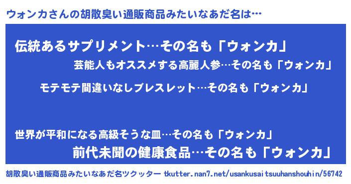| ピコ太郎風あだ名 | 『ウコ三郎』『ウォ太郎』『ピコウ郎』 |
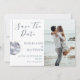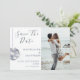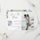Marque a cena de uma celebração temática da Disco 1970. Dusty blue é a cor de fundo para este design de Casamento elegante personalizado de bola de Disco floral. As manchas prateadas estão também no design. Altere facilmente as informações para o seu próprio design personalizado. Altere a imagem do espaço reservado com a sua própria fotografia. Elegante design de casamento formal.
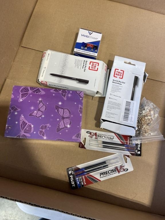 ASSORTED NEW OVERSOTCK PAPER AND OFFICE SUPPLY INLCUDING NOTEBOOKS AND PENS ETC
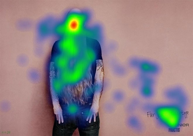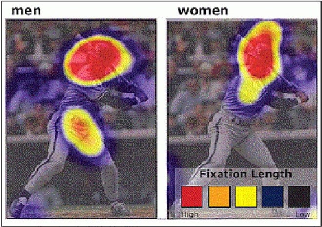 Người xem là nam tập trung vào nhiều phần trên cơ thể vận động viên bóng chày hơn (trái), trong khi người xem là nữ chỉ tập trung vào khuôn mặt (phải). |
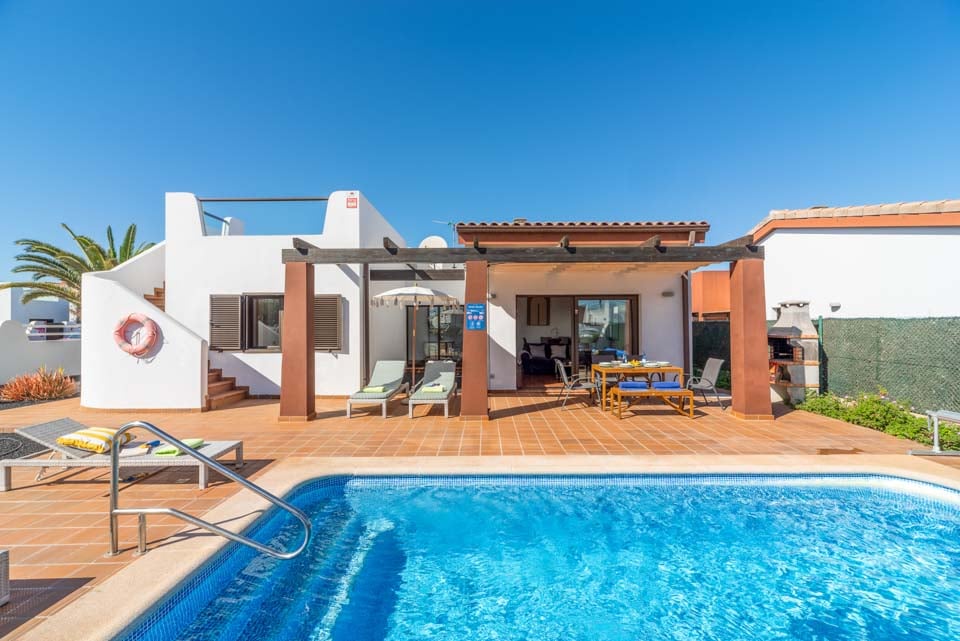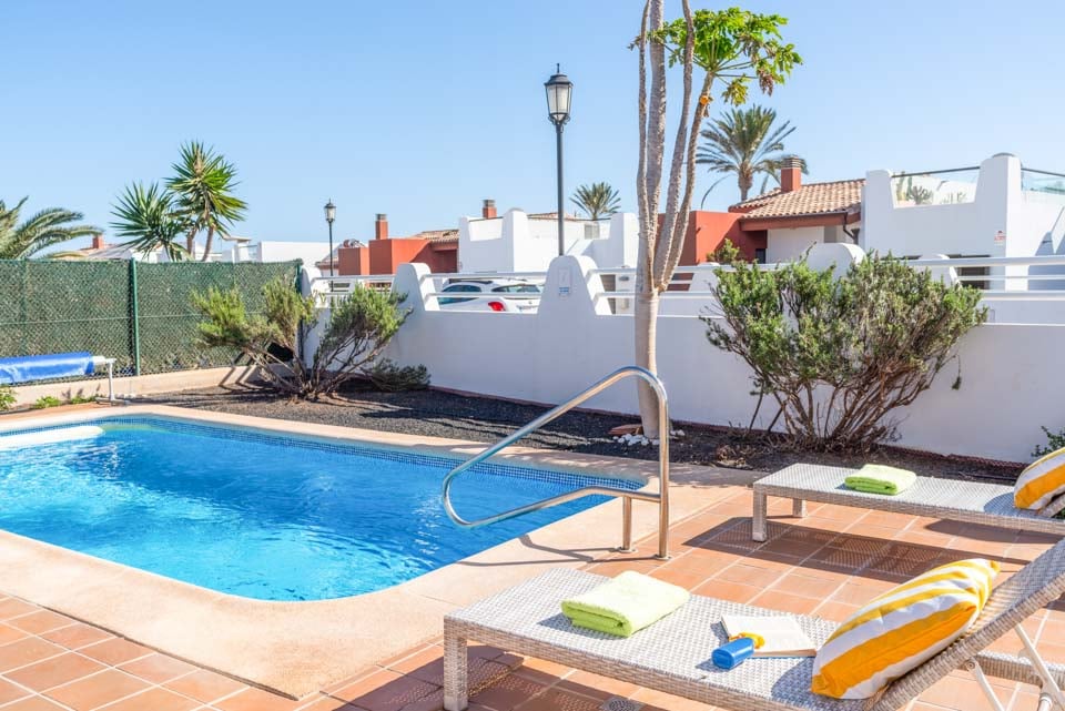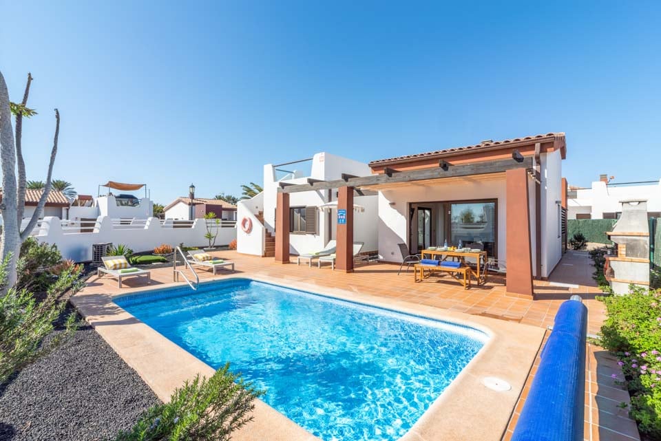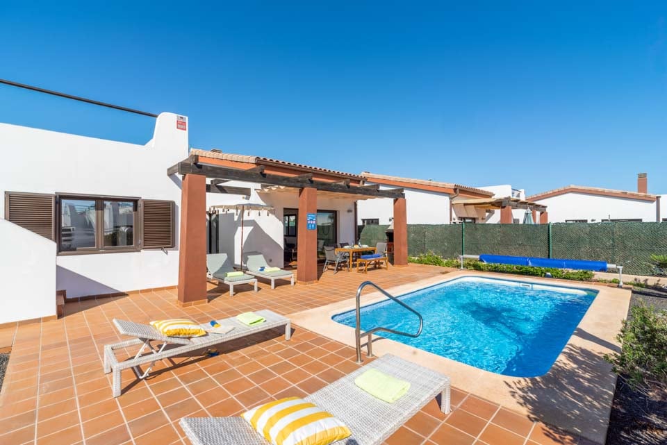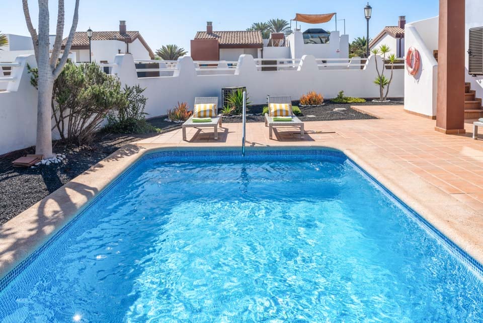 Uppoudu aurinkoiseen paratiisiin unelmoivalla terassilla, jonka keskipisteenä on kimalteleva uima-allas. Vehreän puutarhan ja palmujen ympäröimänä voit rentoutua aurinkotuolissa ja nauttia ympäristöstä. Suurelta kattoterassilta sinua hemmotellaan näkymällä arvostetulle Las Salinasin golfkentälle, maaseudulle ja kaukaisuudessa kimaltelevalle rannikolle. Kun olet valmis tutustumaan ympäristöön, Caleta de Fuste odottaa vain viiden minuutin ajomatkan päässä unelmoivan kultaisen hiekkarannan ja lukuisten ravintoloiden, baarien ja kauppojen parissa. Golfin ystävät ovat kaikki valmiita hiomaan lyöntiään läheisellä Fuerteventura Golf Clubilla.
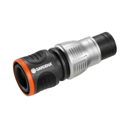 The Premium Water Stop by GARDENA is a particularly robust and high-quality metal-plastic connector, which enables you to change watering accessories quickly and easily. As soon as you disconnect an accessory such as a spray nozzle, the water flow is immediately cut off by the Auto Water Stop function and only starts again when you firmly connect another watering accessory to the hose. This saves you a trip to the tap and you can continue watering your plants on the spot. Several features ensure ease of use during operation. One of them is the high hose pressure, which is achieved by the sturdy metal clamping nut with extended hose guide. The extended hose guide prevents the hose from slipping out of the water tap. The Premium Water Stop has grooved recessed grips for exceptionally comfortable handling and to prevent slipping from wet hands. The Premium Water Stop is made of high-quality materials and is therefore frost-proof, you can use it all year round. Experience the benefits of this GARDENA Made in Germany quality product, supported by a 5-year warranty. Das Original GARDENA System.
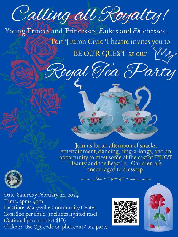 Join us at the Marysville Community Center ( 867 Huron Blvd, Marysville, MI 48040) for an afternoon of snacks, entertainment, sing-a-longs, and dancing - AND an opportunity to meet some of the cast of PHCT's Beauty and the Beast Jr. Please, Be Our Guest!!
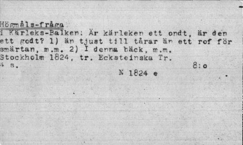 //// 1 äfsi i3 sa //// r*T5rTeks-BaIken: Är kärleker ett ordt, är den »tt p-odt? 1) än tjust till tårar är ett rof för srrärtan, di.™. 2) I der ra bäck, m.m. Stockholm 1824, tr. Eckstelrska Tr. i r . 8: o //// K 1624 e ////
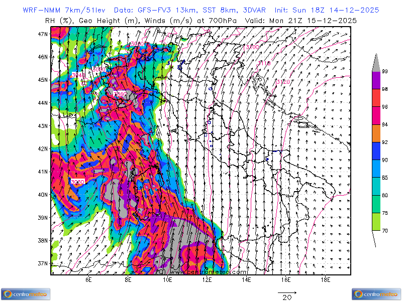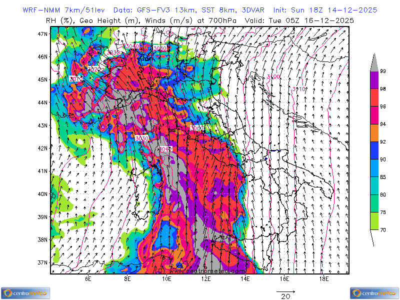 Il caso della città di Grosseto con l'Ensemble spaghetti del modello GFS. Geopotenziale a 500hPa e... Leggi tutto...
******************************
Nothing but the lines from the one containing "Người xem là nam" through the one containing "Uppoudu aurinkoiseen paratiisiin" should appear, copied exactly from the material above and without pictures.

- **Worked solution**:
 Người xem là nam tập trung vào nhiều phần trên cơ thể vận động viên bóng chày hơn (trái), trong khi người xem là nữ chỉ tập trung vào khuôn mặt (phải). |
 Uppoudu aurinkoiseen paratiisiin unelmoivalla terassilla, jonka keskipisteenä on kimalteleva uima-allas. Vehreän puutarhan ja palmujen ympäröimänä voit rentoutua aurinkotuolissa ja nauttia ympäristöstä. Suurelta kattoterassilta sinua hemmotellaan näkymällä arvostetulle Las Salinasin golfkentälle, maaseudulle ja kaukaisuudessa kimaltelevalle rannikolle. Kun olet valmis tutustumaan ympäristöön, Caleta de Fuste odottaa vain viiden minuutin ajomatkan päässä unelmoivan kultaisen hiekkarannan ja lukuisten ravintoloiden, baarien ja kauppojen parissa. Golfin ystävät ovat kaikki valmiita hiomaan lyöntiään läheisellä Fuerteventura Golf Clubilla.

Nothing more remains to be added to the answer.